# TASK STATEMENT:
Please transcribe the data exactly as shown, skipping the images.

# STORED DATA:
──────

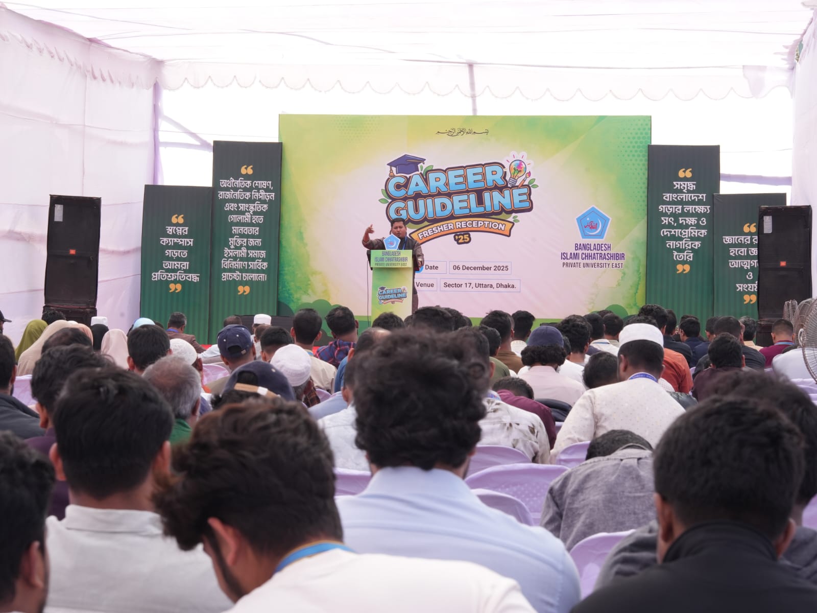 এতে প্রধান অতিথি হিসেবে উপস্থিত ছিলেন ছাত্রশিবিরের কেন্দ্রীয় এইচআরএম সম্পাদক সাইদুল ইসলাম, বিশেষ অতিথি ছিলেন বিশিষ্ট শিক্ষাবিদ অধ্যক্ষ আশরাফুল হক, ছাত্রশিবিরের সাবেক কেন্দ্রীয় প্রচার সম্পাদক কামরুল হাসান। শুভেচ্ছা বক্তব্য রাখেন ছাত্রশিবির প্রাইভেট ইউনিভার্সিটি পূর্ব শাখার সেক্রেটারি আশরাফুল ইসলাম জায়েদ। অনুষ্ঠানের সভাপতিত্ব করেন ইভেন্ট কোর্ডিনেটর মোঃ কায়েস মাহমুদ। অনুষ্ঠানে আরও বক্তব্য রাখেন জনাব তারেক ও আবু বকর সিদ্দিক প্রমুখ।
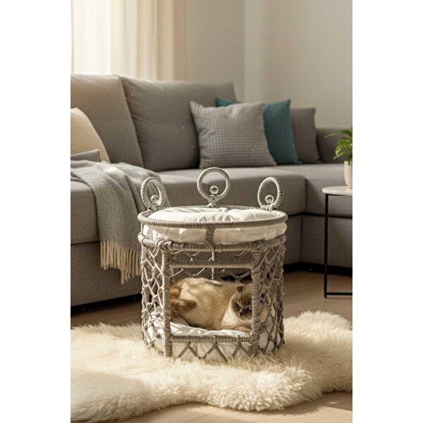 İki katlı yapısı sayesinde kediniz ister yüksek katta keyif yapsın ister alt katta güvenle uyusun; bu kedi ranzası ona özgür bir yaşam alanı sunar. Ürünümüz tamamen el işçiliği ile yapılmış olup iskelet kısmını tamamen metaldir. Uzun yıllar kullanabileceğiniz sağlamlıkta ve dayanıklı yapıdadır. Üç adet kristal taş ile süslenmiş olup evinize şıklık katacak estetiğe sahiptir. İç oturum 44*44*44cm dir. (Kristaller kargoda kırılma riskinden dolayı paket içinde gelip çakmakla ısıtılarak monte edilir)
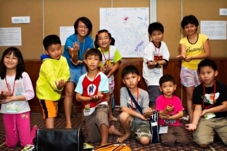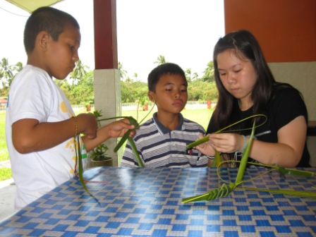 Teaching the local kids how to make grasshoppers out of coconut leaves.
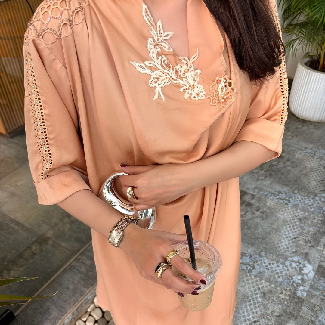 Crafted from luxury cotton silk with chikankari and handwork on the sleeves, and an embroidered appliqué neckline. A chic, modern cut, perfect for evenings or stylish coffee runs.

──────

# RESULT OF THE TASK:
 এতে প্রধান অতিথি হিসেবে উপস্থিত ছিলেন ছাত্রশিবিরের কেন্দ্রীয় এইচআরএম সম্পাদক সাইদুল ইসলাম, বিশেষ অতিথি ছিলেন বিশিষ্ট শিক্ষাবিদ অধ্যক্ষ আশরাফুল হক, ছাত্রশিবিরের সাবেক কেন্দ্রীয় প্রচার সম্পাদক কামরুল হাসান। শুভেচ্ছা বক্তব্য রাখেন ছাত্রশিবির প্রাইভেট ইউনিভার্সিটি পূর্ব শাখার সেক্রেটারি আশরাফুল ইসলাম জায়েদ। অনুষ্ঠানের সভাপতিত্ব করেন ইভেন্ট কোর্ডিনেটর মোঃ কায়েস মাহমুদ। অনুষ্ঠানে আরও বক্তব্য রাখেন জনাব তারেক ও আবু বকর সিদ্দিক প্রমুখ।
 İki katlı yapısı sayesinde kediniz ister yüksek katta keyif yapsın ister alt katta güvenle uyusun; bu kedi ranzası ona özgür bir yaşam alanı sunar. Ürünümüz tamamen el işçiliği ile yapılmış olup iskelet kısmını tamamen metaldir. Uzun yıllar kullanabileceğiniz sağlamlıkta ve dayanıklı yapıdadır. Üç adet kristal taş ile süslenmiş olup evinize şıklık katacak estetiğe sahiptir. İç oturum 44*44*44cm dir. (Kristaller kargoda kırılma riskinden dolayı paket içinde gelip çakmakla ısıtılarak monte edilir)
 Teaching the local kids how to make grasshoppers out of coconut leaves.
 Crafted from luxury cotton silk with chikankari and handwork on the sleeves, and an embroidered appliqué neckline. A chic, modern cut, perfect for evenings or stylish coffee runs.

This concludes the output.